Funny Face
Directed by Stanley Donen
Written by Leonard Gershe
1957/USA
Paramount Pictures
Repeat viewing/Netflix rental
[box] Jo Stockton: Take the picture, take the picture![/box]
A musical with Fred Astaire, Audrey Hepburn, Paris, Givenchy, and George Gershwin tunes can’t be all bad.
Maggie Prescott (Kay Thompson) is the flamboyant editor of a Vogue-type magazine called Quality. She is always looking for a gimmick. Her latest one is to choose a model to be the “Quality Woman”. The model will be featured in a special issue and introduce the season’s fashions of a famous Paris designer (based on Givenchy who did the high fashion gowns).
Photographer Dick Avery (Fred Astaire) – clearly based on Richard Avedon, who was the special visual consultant – is doing the photoshoot. He takes an airhead fashion model to a bookstore because the Quality Woman is supposed to be intellectual. There he spots truly intellectual shop clerk Jo Stockton (Hepburn). Obviously, this woman is photogenic to the max! She will sell out her lofty principals to get a free trip to Paris to visit the philosopher she idolizes.

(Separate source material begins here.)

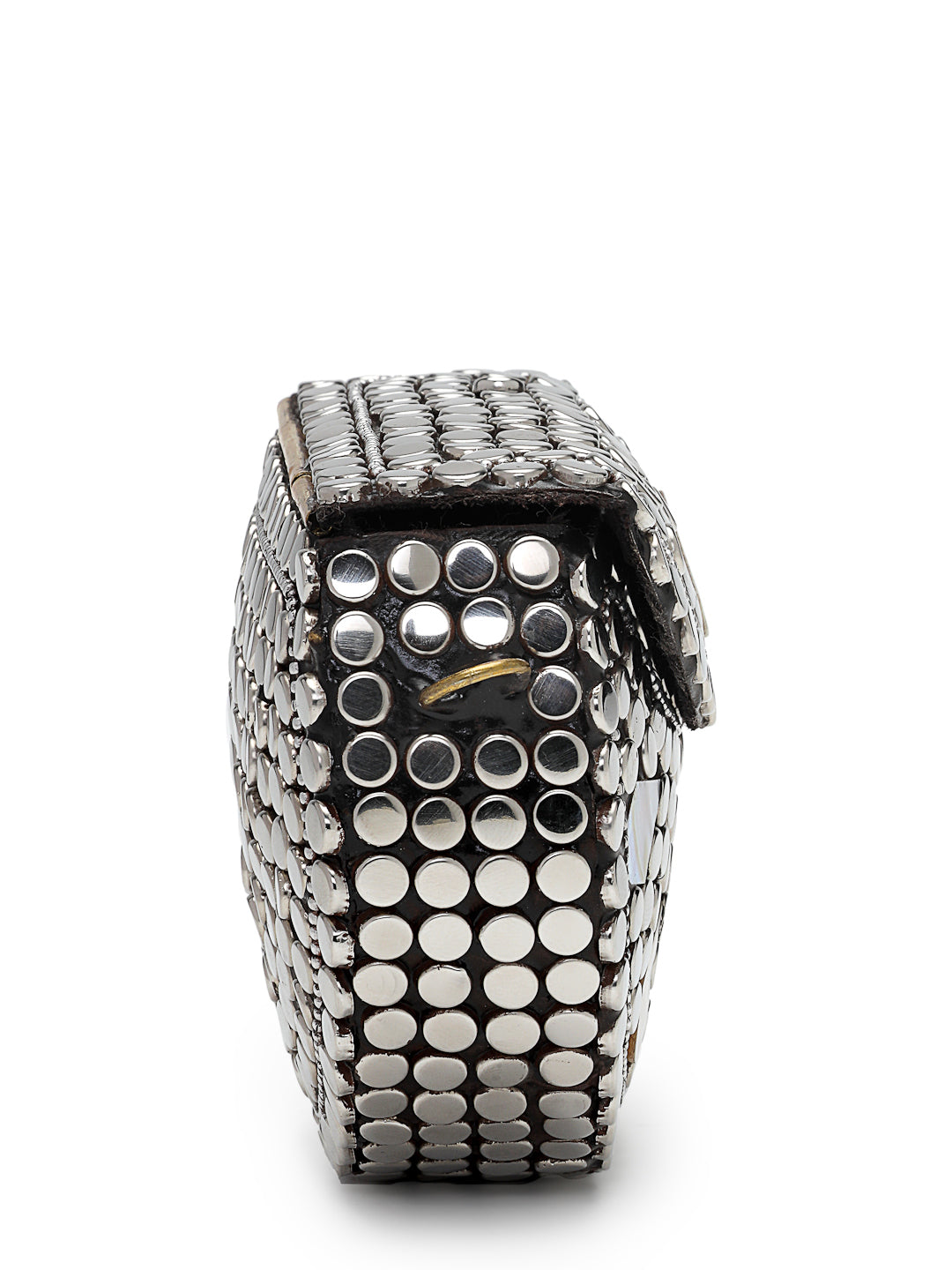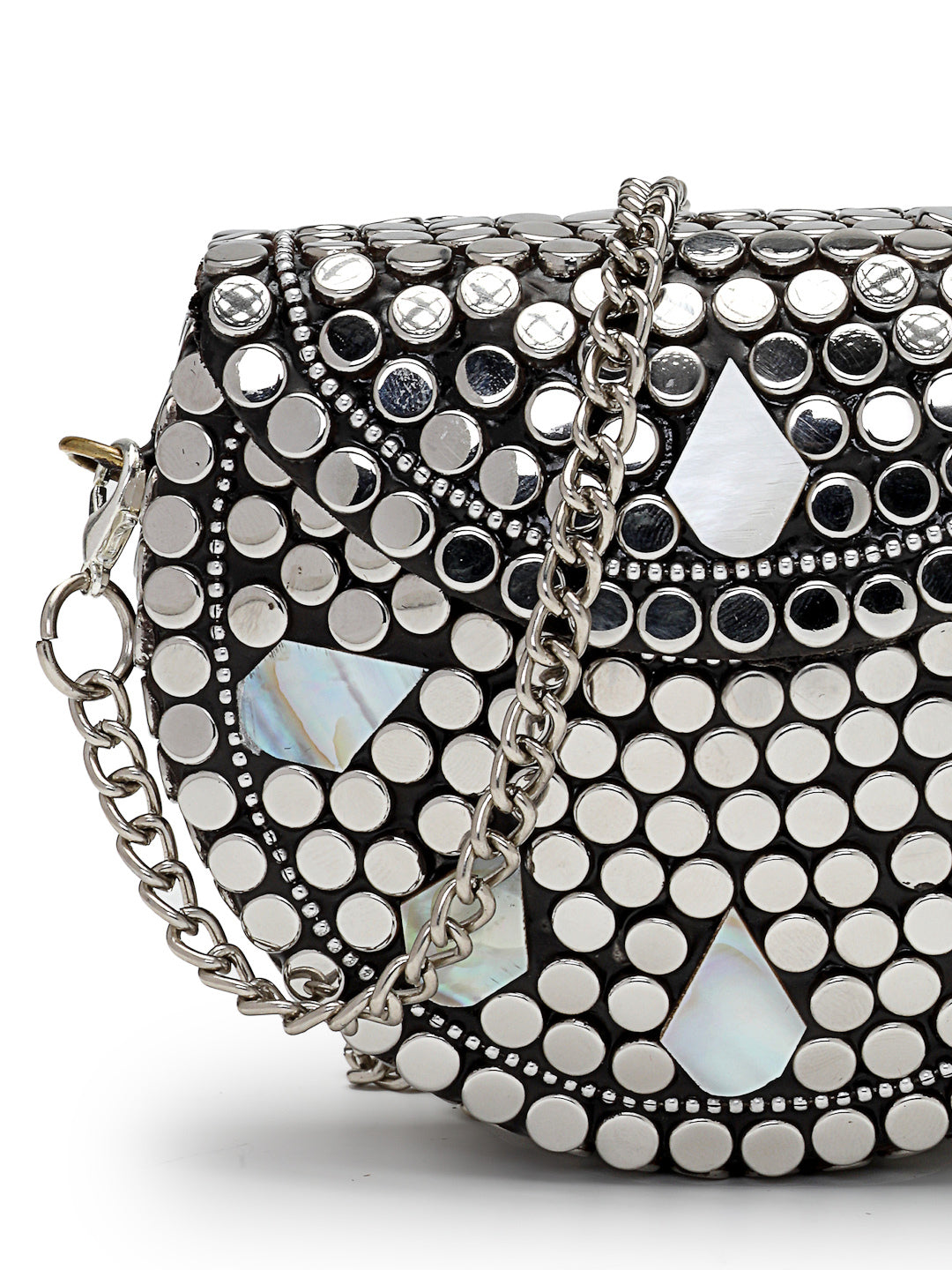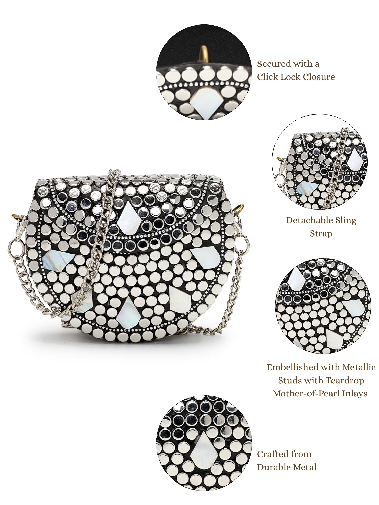 This Anekaant Clutch from the Metal Mirage Collection is presented in a sophisticated half-moon silhouette with a single compartment secured by a sleek click closure. The black enamel hard case, accented with silver and iridescent white highlights, is artfully embellished with metallic studs, mother-of-pearl inlays, and a silver-tone chain detail. Its design showcases concentric rows of polished domes enhanced with teardrop and geometric motifs, creating a striking mosaic effect. Completed with a detachable sling strap for versatile styling, this clutch is an ideal accessory for evening events, festive celebrations, and wedding occasions. Dimensions (L x H x W):11 x 9 x 4 cm.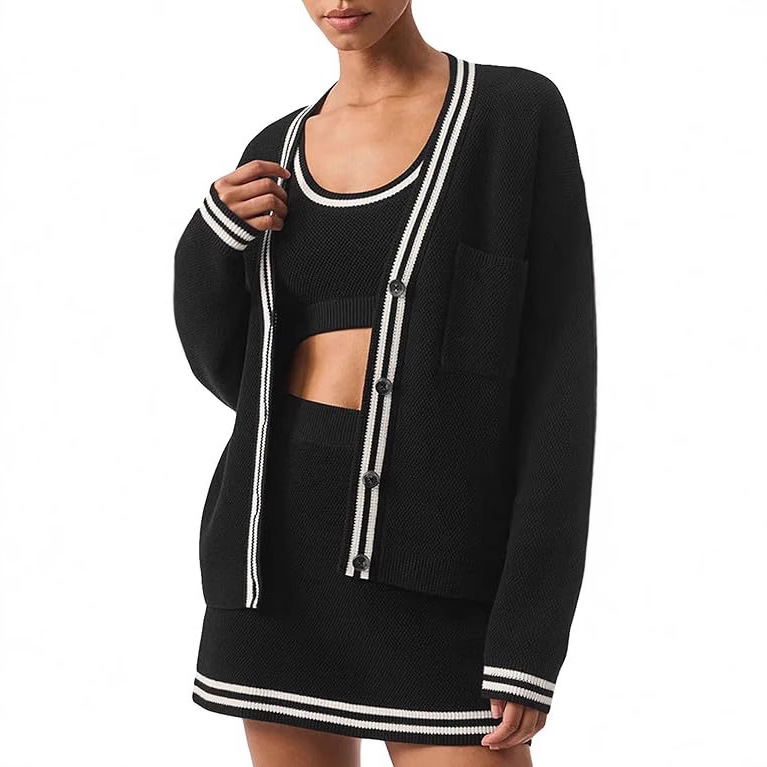 Главная страница > Новый женский кардиган для внешней торговли, однобортный вязаный жакет с длинными рукавами, цветной блокированный свитер с карманами, комплект кардиганов

Jo quickly falls head over heels for her photographer. She is equally passionately devoted to the philosopher, but in a strictly platonic way. In Paris, her search for her idol interferes comically with her modeling duties.
Why does it seem that Hepburn’s love interest is always about 30 years older than she is?
I like the clothes and the music in this. My favorite parts are Hepburn singing “How Long Has This Been Going On” and the fashion shoot in Paris. The very broad cartoony late 50’s style of the thing, especially when Thompson is on the screen, doesn’t work for me, however. There are large stretches of time where I just don’t care.
Funny Face was nominated for Academy Awards in the categories of Best Writing, Story and Screenplay – Written Directly for the Screen; Best Cinematography; Best Art Direction-Set Decoration; and Best Costume Design.